Raw data section start

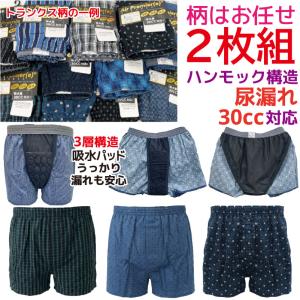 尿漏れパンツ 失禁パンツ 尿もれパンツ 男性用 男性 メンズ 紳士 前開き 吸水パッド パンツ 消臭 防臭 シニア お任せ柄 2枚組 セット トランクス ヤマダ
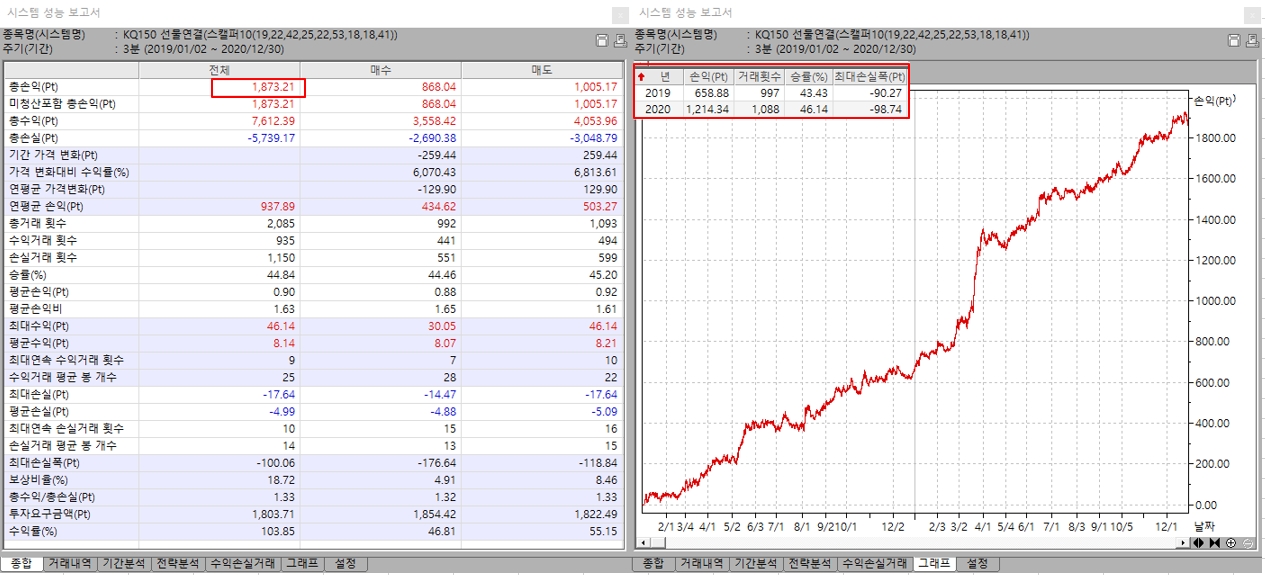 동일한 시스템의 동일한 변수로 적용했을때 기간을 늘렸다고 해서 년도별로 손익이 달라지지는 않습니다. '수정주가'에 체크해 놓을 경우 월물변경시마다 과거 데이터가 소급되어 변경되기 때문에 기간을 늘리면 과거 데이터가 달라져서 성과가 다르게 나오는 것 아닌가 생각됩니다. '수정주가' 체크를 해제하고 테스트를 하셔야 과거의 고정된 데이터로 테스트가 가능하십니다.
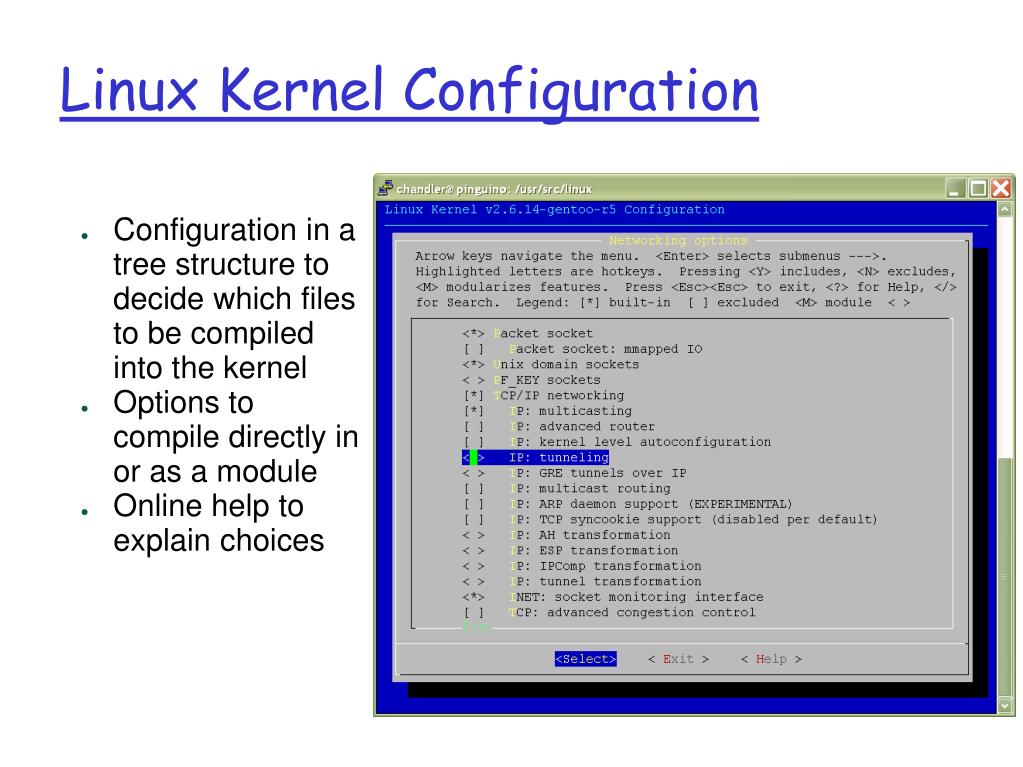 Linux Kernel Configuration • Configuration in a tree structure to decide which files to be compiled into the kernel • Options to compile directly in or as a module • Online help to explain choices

Raw data section end

* Directions for this task
Leave out the pictures and repeat the lines from the start of the material through the line with "동일한 시스템의 동일한", inclusive.

* Answer to this problem
 尿漏れパンツ 失禁パンツ 尿もれパンツ 男性用 男性 メンズ 紳士 前開き 吸水パッド パンツ 消臭 防臭 シニア お任せ柄 2枚組 セット トランクス ヤマダ
 동일한 시스템의 동일한 변수로 적용했을때 기간을 늘렸다고 해서 년도별로 손익이 달라지지는 않습니다. '수정주가'에 체크해 놓을 경우 월물변경시마다 과거 데이터가 소급되어 변경되기 때문에 기간을 늘리면 과거 데이터가 달라져서 성과가 다르게 나오는 것 아닌가 생각됩니다. '수정주가' 체크를 해제하고 테스트를 하셔야 과거의 고정된 데이터로 테스트가 가능하십니다.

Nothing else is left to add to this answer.